Fortunately Meknes is a big city. If we'd had to print something in Merzouga we would've had to go to Rissani - 30km away via a 52 dirham ($6.50) round trip taxi - and it would've taken at least two hours. (Kinda like when we did actually have to go to Rissani for an ATM because the guidebooks don't warn you that Merzouga is ATM-less.)
Us and our "first world" problems. "I have to go to the lobby to get wifi?" "I have to wait for the water to heat up again before I can take a hot shower?" "I only get one cup of coffee with breakfast?" "I can't charge my iThing on the train?" "I have to print my boarding pass to Spain ahead of time?"
Our first night in Rabat, we went to dinner with a friend and his Moroccan friend. We were talking about where we'd been and the Moroccan friend said he would love to go to Spain, but that it was pretty difficult for him to get a visa.
But when you're us,customs officers just check your passport, give you a stamp, and wave you through.
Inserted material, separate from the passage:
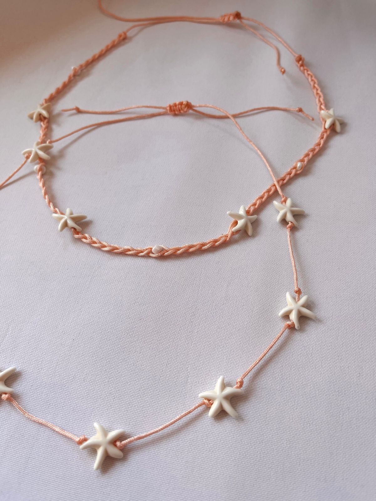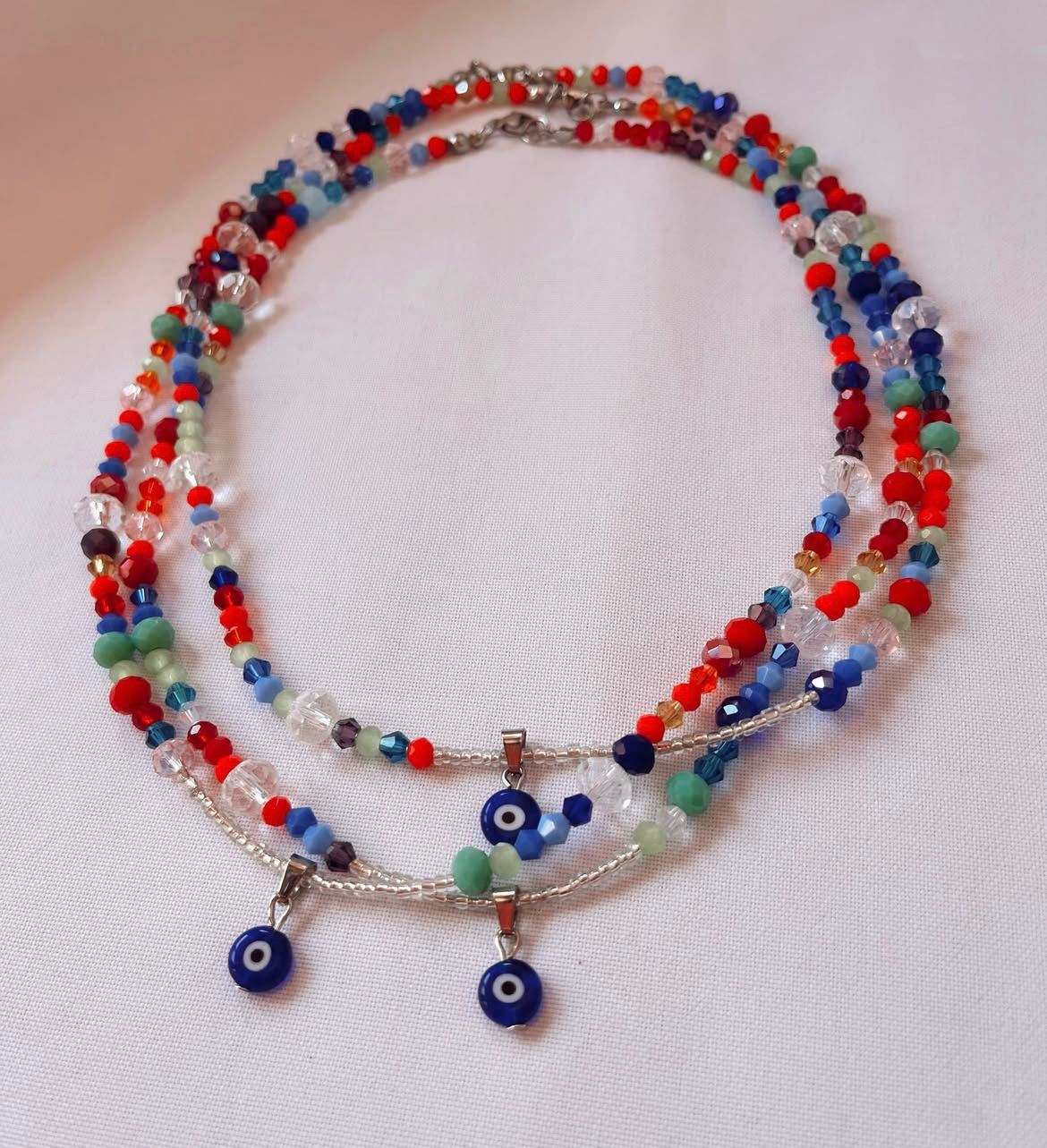 Tengo varios modelos de collares, con cristales o de macrame con hilo chino. Para hacer los de cristales utilizo alambre, tapa nudos, mosquetones, cristales y dijes. Primero empiezo con el cierre, con el tapa nudo, luego le coloco los cristales y los dijes, y por ultimo le coloco el otro tapa nudo, ya para finalizar le agrego unas argollas y el mosquetón. Para hacer el collar de macrame es muy parecido el proceso de las pulseras, la diferencia es que utilizo mas material, mas hilos, mas dijes y mostacillas. Comienzo formando el tejido base mediante nudos de macramé, lo que aporta firmeza y prolijidad. En los modelos que incluyen mostacillas u ojos turcos, los ensarto en el hilo siguiendo el diseño elegido. Finalmente, ajusto los extremos mediante un cierre corredizo o nudo regulable, permitiendo adaptar la pulsera a distintas medidas.

When you're us, you spend a lot of time figuring out where and what to eat - not when you will eat again. When you're us, if you break a shoelace (or an electric shaver, or a Kobo) you just buy a new one. When you're us, if your current location isn't working for you, you pack up and move on.
You do all of this too. Yes, you.
Obviously, lots of people in this world aren't so lucky. We have seen quite a few of them here in Morocco over the past few weeks. So take a moment to be thankful today, however you choose to do so. Thankful for your next meal, for your countless opportunities, for that printer sitting next to you.
And then help someone out tomorrow, however you choose to do so. We are definitely tipping the karma scale over here - it could use a little balancing.
Shukran.
"English-fluent copy center gal" would make a great tagline for an online dating profile
ReplyDeleteYES!! Let us know how it works out for you.
DeleteLove it. Good to keep your perspective...
ReplyDelete:)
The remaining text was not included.